Two of my favorite practical mechanics in Delta Green

I started up a Delta Green [affiliate link] campaign last September, and it’s been a blast. It’s become one of my favorite RPGs, and with a few sessions under my belt that means I’ve done some noodling about why that’s the case.

One part of it — the bit I want to look at today — is that DG deftly combines superb information design with game mechanics designed to reduce handling time and friction. Two examples of that sit right next to each other in the upper left corner of its GM screen.

Two tables from the DG screen, which I’ve called out in red

Don’t roll dice

DG is far from the first RPG to take this approach. “If there’s nothing at stake, or things are calm and you have plenty of time, you succeed” is sound basic advice for most games.

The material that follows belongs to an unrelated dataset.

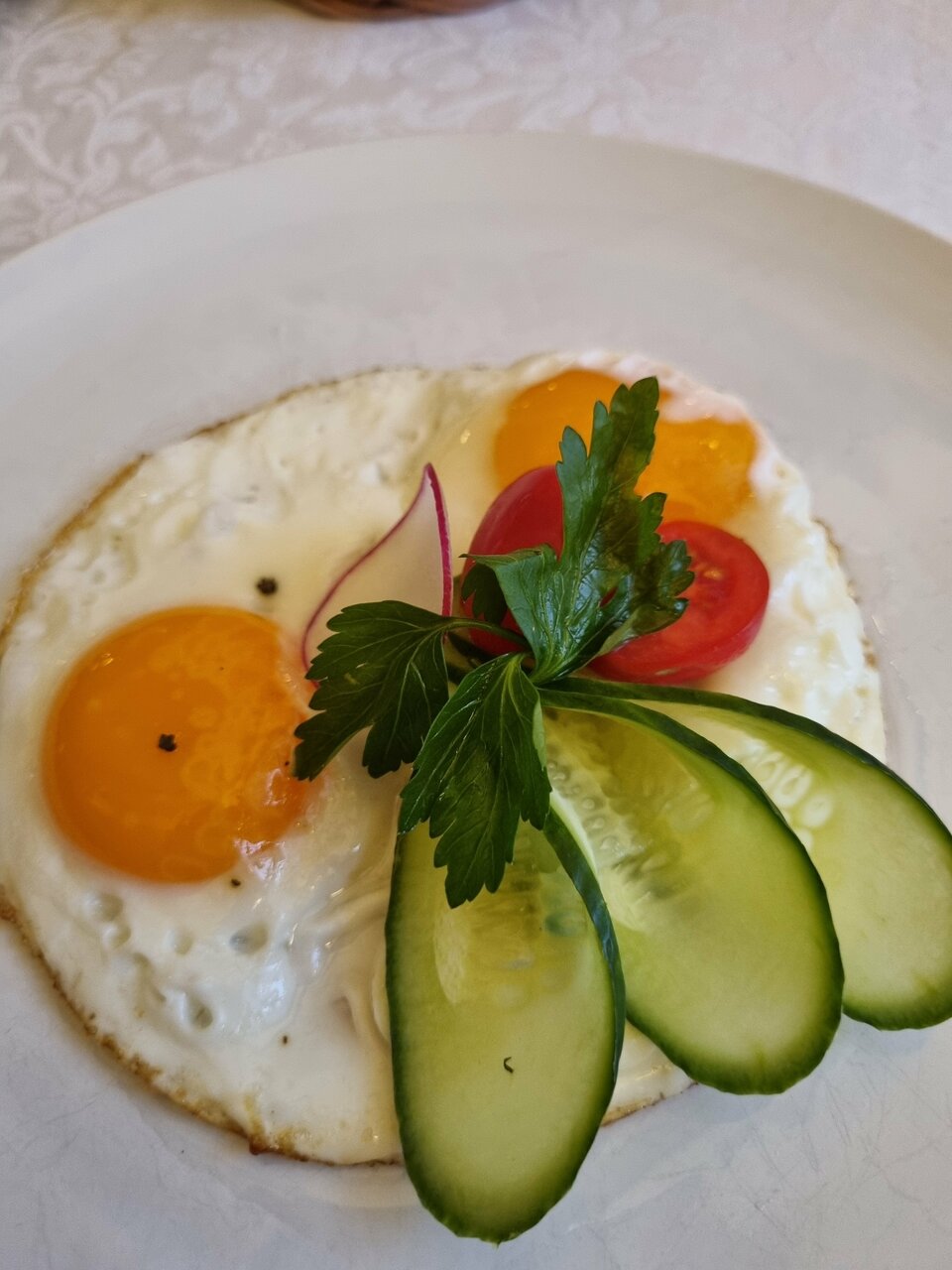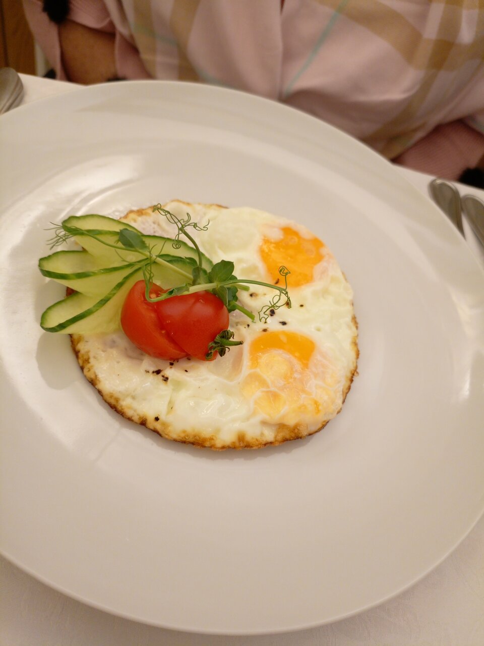 Отличное расположение, очень приятный и вежливый персонал. Отдельно порадовала опция размещения с небольшой собакой. Немного маловат зал для завтраков, пришлось ждать свободного столика, но официант любезно проводил на откртую террасу, где принял заказ и мы вернулись в зал к накрытому столу.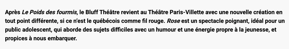 Sans complaisance, la pièce cherche à brosser un tableau juste et nécessaire de la souffrance psychologique qui nous habite parfois dans cette étape cruciale de notre vie. Mais surtout, avec empathie, s’elle engage sur le chemin de la guérison.

What DG does that I love is quantify that in the table on the left, and do it so concisely that it’s effortless to reference in play. “You’re so good at this that you don’t need to roll” keeps the game moving, avoids needless rolls, and highlights the PCs’ skills. Since you get a check for skill advancement from failed rolls, this approach also ensures that failures that do provide checks are meaningful.

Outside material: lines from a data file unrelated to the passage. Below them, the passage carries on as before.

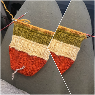 • Harvest Hues Socks celebrate the colours of autumn — rust, olive and cream dancing in warm stripes. Worked toe-up with playful colour blocks and soft transitions, perfect for using small skeins or leftovers. A cozy, modern design that radiates handmade charm. ️ *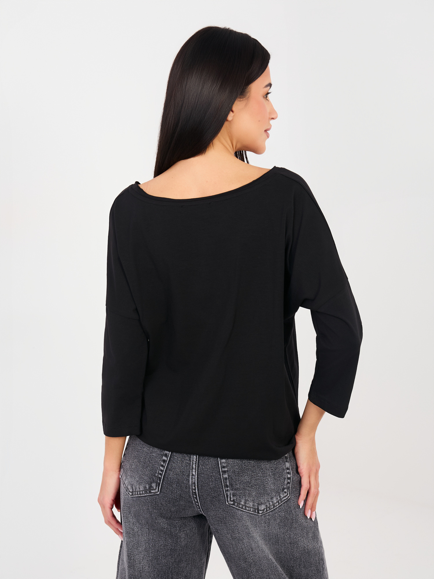 Czarna bluzka basic z rękawem 3/4 RUE PARIS .
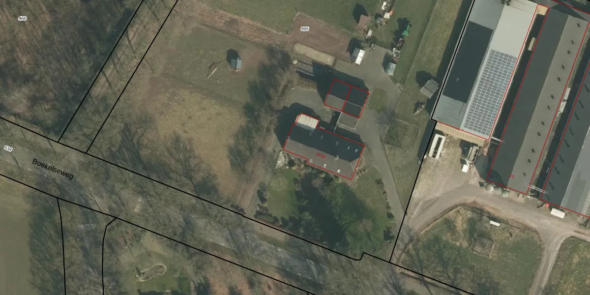 Boekelseweg 19 is gelegen op kadastraal perceel ERP00R895. Deze kadastrale aanduiding is uniek en wordt gebruikt door het Kadaster om eigendomsrechten en andere zakelijke rechten vast te leggen. Het perceel maakt onderdeel uit van de kadastrale gemeente Erp.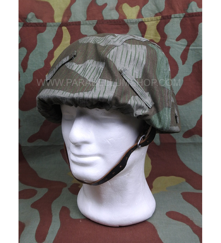 Reproduction of the splinter camo helmet cover supplied to the German army, the Wehrmacht, during the Second World War and which was normally distributed to elite units or on special occasions to be later withdrawn. Consisting of the cotton canvas in the classic mimicry also used for the M31 shelter quarter, it has some sewn loops used to apply shrubs to improve the mimicry. Adjustable by means of a lace that allows it to be closed under the helmet. The size was one size.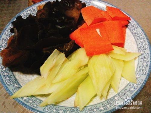 将木耳提前泡发,清洗干净。胡萝卜和莴笋切片

When I’m running the game and a PC does something, my first question to myself is, “Can they do it without a roll?” That’s true in other games, too, but DG makes it so easy to answer.

Flat modifiers

Things get a bit more granular in combat, but “If it’s worth a bonus/penalty, it’s +/- 20%, or occasionally +/- 40%” streamlines gameplay by avoiding stacking little modifiers. A 20% bonus/penalty is a big deal. Anything that isn’t a big deal doesn’t modify rolls. Easy-peasy.

It reminds me of X-in-6 rolls in Old School Essentials (and BRP, and other old D&D systems and D&D-alikes), which boil a sea of possible variables down to a single die with “chunky” increments of 16.66%. I love it there, too.

What delights me about DG’s approach to skill checks and modifiers is that it’s exactly the right approach for the game it wants to be and for the way it’s intended to run at the table. That looks simple, but underpinning that simplicity is thoughtful game design predicated on years of experience.